September 21, 1996, then President Bill Clinton a democrat signed into law the Defense of Marriage Act, which federally defined marriage between a man and a woman. Since that time, Clinton has changed his view, advocating for same-sex marriages throughout the United States. President Obama has called the Act a violation of the principles of the constitution, and ordered the Department of Justice to not defend any case brought before a court where the law was challenged. Republicans, who have taken on the role of bigot party, have instructed their party’s lawyers to defend the law in place of the Department of Justice. Since 2004, six states now recognize same-sex marriages as legal in their state, but because of the provisions of the Defense of Marriage Act, their marriages are only legal in the states in which they were married. The Supreme Court of the United States is slated to hear arguments on this Act in cases, as early as next year.

 So what is the problem?

The same Party that has been advocating for States’ rights has been pushing for a federal law making same-sex marriage illegal under the supremacy clause of the constitution. The same clause that grants a federal mandate be treated by each state as law, the same clause for which those who continue to argue States’ rights, I.E. republicans, are supreme. Hypocrisy unfortunately is seemingly part and parcel with that party. It’s not just on issues of same-sex marriage, they continue to push for federal laws banning abortion, an issue of health, at the same time crying foul when the federal government impose healthcare mandates across the nation.
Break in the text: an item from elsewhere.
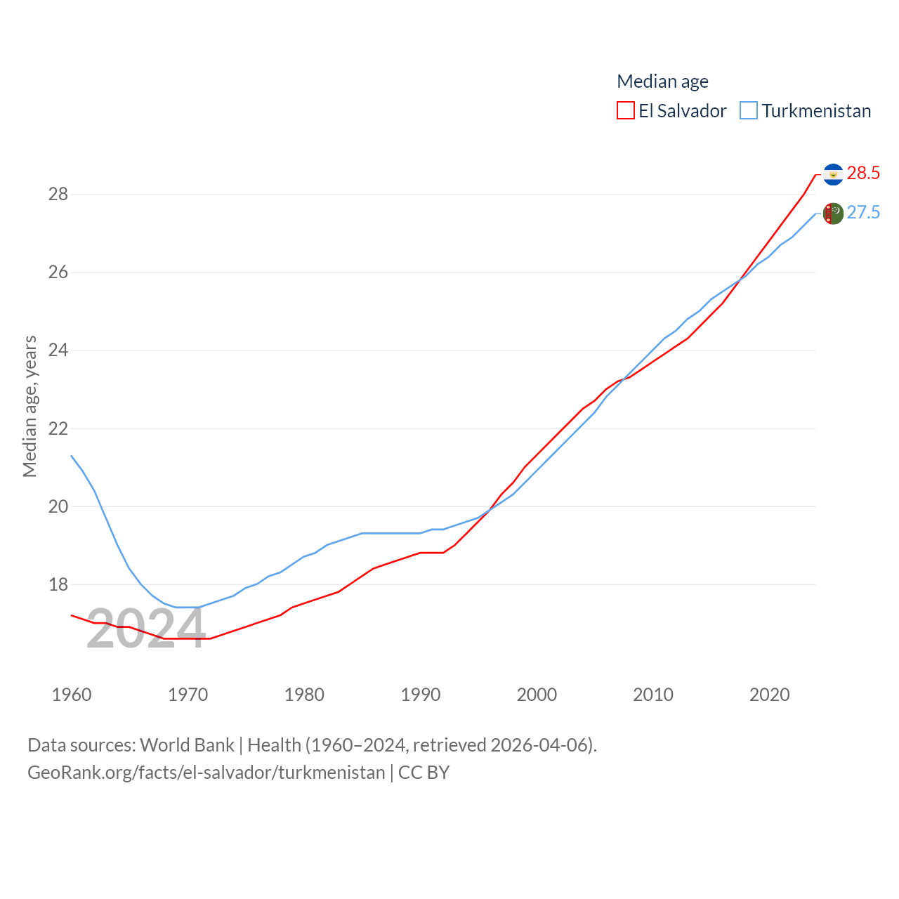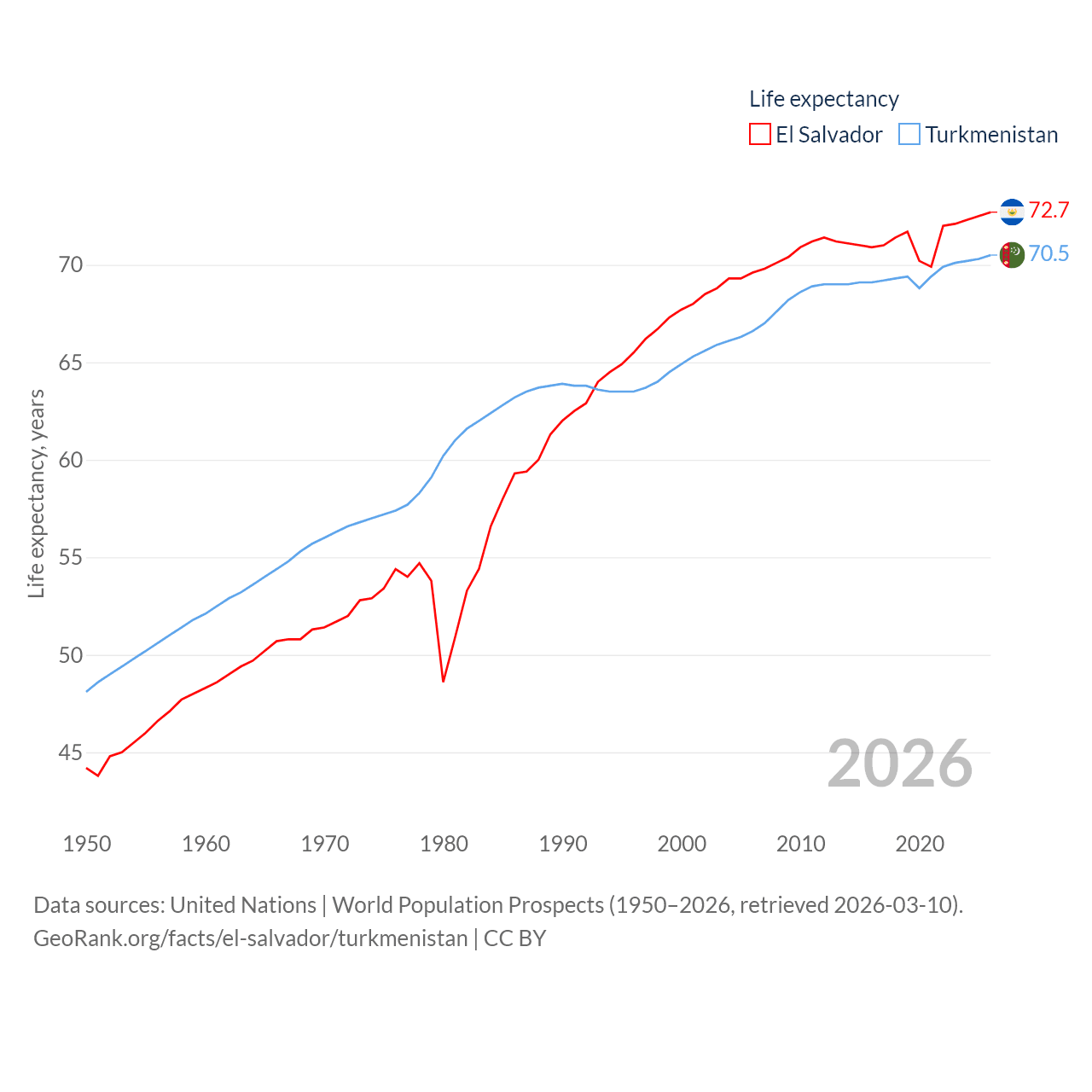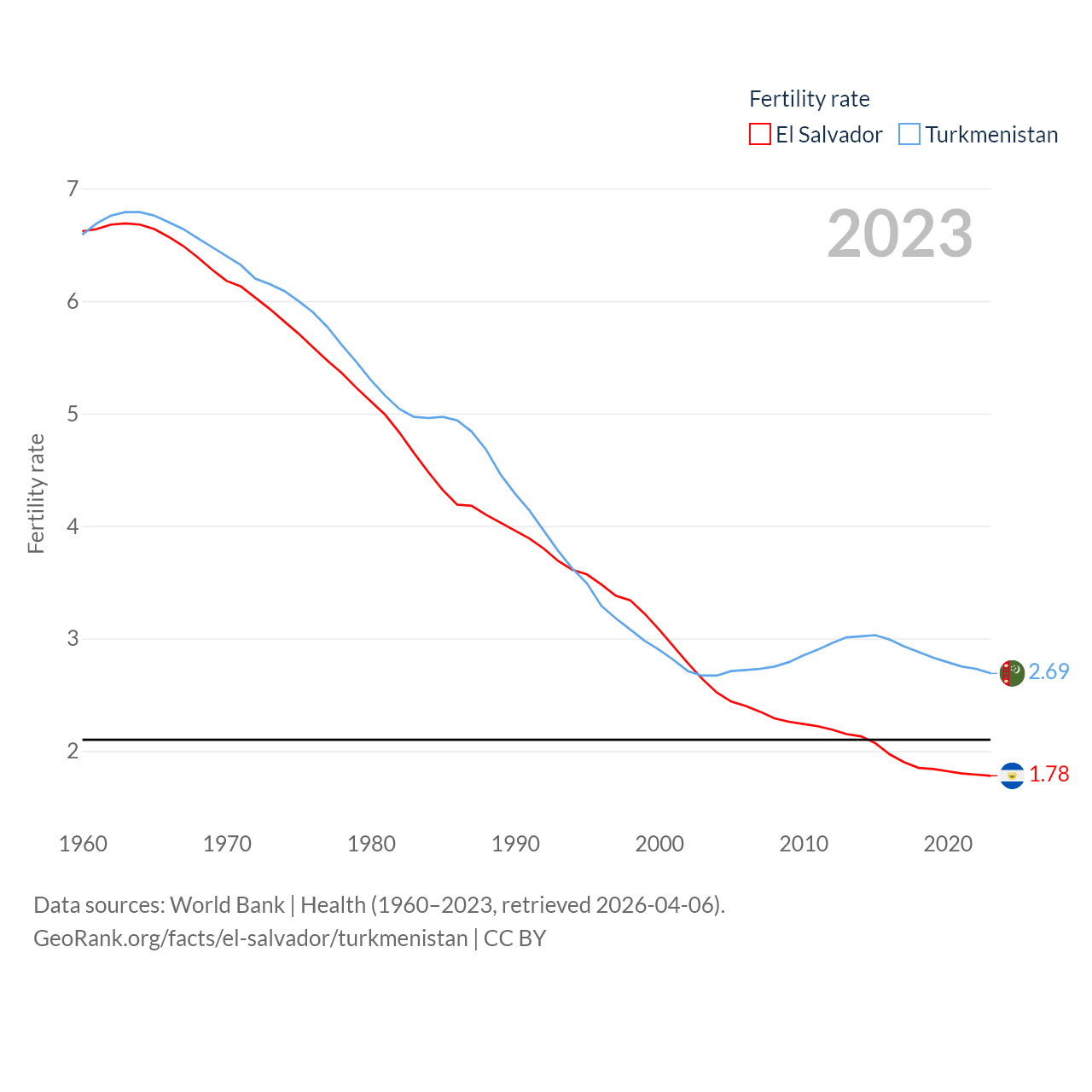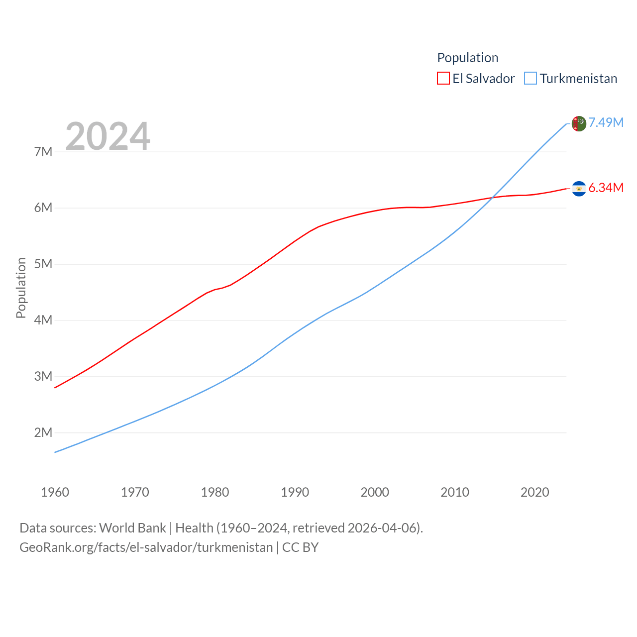 El Salvador has a population of 6.34M (ranked 111/197), compared with 7.49M in Turkmenistan (ranked 104/197). El Salvador's land area is 8,000 sq mi versus 181,441 sq mi for Turkmenistan (ranked 150th vs. 53rd).

What should be clear is that States are given latitude on issues involving how each state wants to govern itself, and federal mandates are only made on issues that affect everyone equally.
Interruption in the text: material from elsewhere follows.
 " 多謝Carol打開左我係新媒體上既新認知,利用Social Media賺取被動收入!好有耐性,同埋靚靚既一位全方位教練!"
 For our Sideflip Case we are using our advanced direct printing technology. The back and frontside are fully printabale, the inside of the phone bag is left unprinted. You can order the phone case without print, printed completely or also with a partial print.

As I mentioned in the beginning Mitt Romney attacked the president and referenced the constitution and declaration of independence, albeit incorrectly.

He said, “The role of government is to promote and protect the principles of those documents.” He continued, “First, life, and liberty. We have a responsibility to protect the lives and liberties of our people…”
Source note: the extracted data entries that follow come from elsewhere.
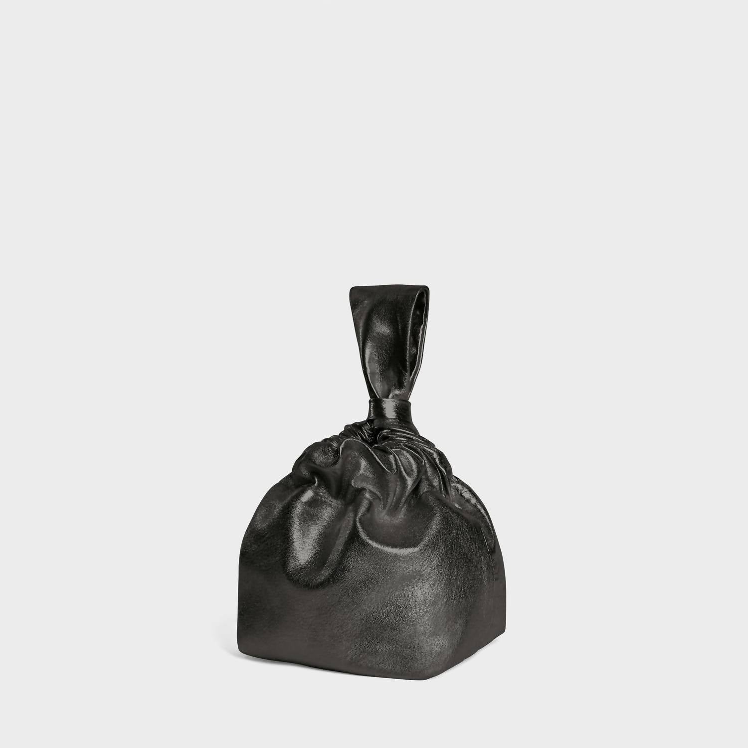Small in size but a total statement maker. Introducing the Women's Mariposa Twist Clutch Handbag by Lemiz in a striking silver hue, handcrafted from supple Italian lamb leather. Thoughtfully designed with a wristlet strap, this clutch ensures hands-free convenience, making it an ideal travel companion. Its soft silhouette is complemented by a cotton canvas lining and an inside pocket for organization, comfortably fitting an iPhone Max. Handcrafted in Los Angeles, this mini bag has dimensions of 6.5" width, 6.5" depth, and 7" height, perfect for carrying your essentials.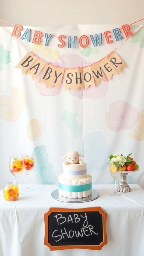 This soft, artsy scene features a backdrop of subtle, pastel watercolor washes, creating a calming and artistic setting for a gender neutral baby shower. A two-tiered diaper cake with a little stuffed lamb topper sits on the table, alongside a variety of colorful fruit cups and drinks. A classic chalkboard sign anchors the foreground.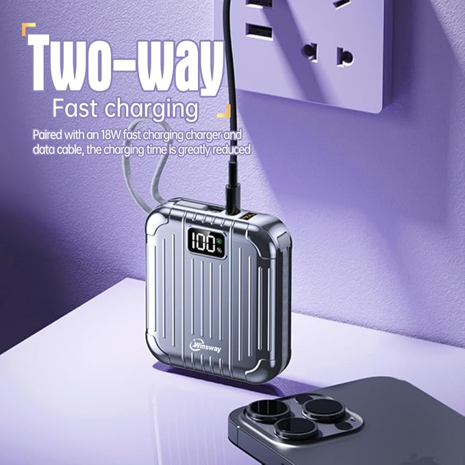 - FAST CHARGING: Features 22.5W fast charging capability with built-in dual cables for convenient charging of multiple devices simultaneously.The iPhone 16 can be charged up to 60% in half an hour, and the Samsung S24 can be charged up to 55% in half an hour.

The problem is, he doesn't understand what that statement even means, or he doesn't believe it himself. Calling for States’ rights in the face of a federal document that grants supremacy over state government is tantamount to the confederacy asking Lincoln for sovereignty for the confederate states. There is something else that document mentions, although I’m sure Gov. Romney only memorized the portions he felt he needed. It mentions the principle of a Perfect Union. It mentions by name several times, the United States, not Separatist States, of America.

Life, Liberty?

Words to a man, who believes States’, should have the right to mandate separate laws.

Like the southern States of old republic that believed blacks were 3/5 a man?

Segregated their lives to inferiority based on the color of their skin?

You mean those states?

Do you mean those same states, now asking for states’ rights being able to decide how two people can show love for each other?

Is that what you mean Gov. Romney?

Or was it merely your attempt to slide those issues by, in disguise of the Affordable Care Act, that not only guarantees no citizen can ever be denied medical coverage because they were born with a condition, but grants every child in this country the care they need to survive, and gives support to millions of people who otherwise would not have it. You see Gov. Romney, when you seek to classify states as sovereign entities, merely to reverse the laws in that constitution, that already grant people life and liberty, you offend the lives of every man and woman who defended with their lives, that document, and reduce it to a rag of parchment, covered in the signatures of people whose ideas founded this nation with the blood of patriots. That declaration of independence you referred to was signed by fifty-six men who knew signing it, would be signing their own death warrants. Those men, you so effortlessly and figuratively shat on, by mentioning that document, would rather have died than give up their liberties, the very liberties you seek to take away from people, by granting state sovereignty.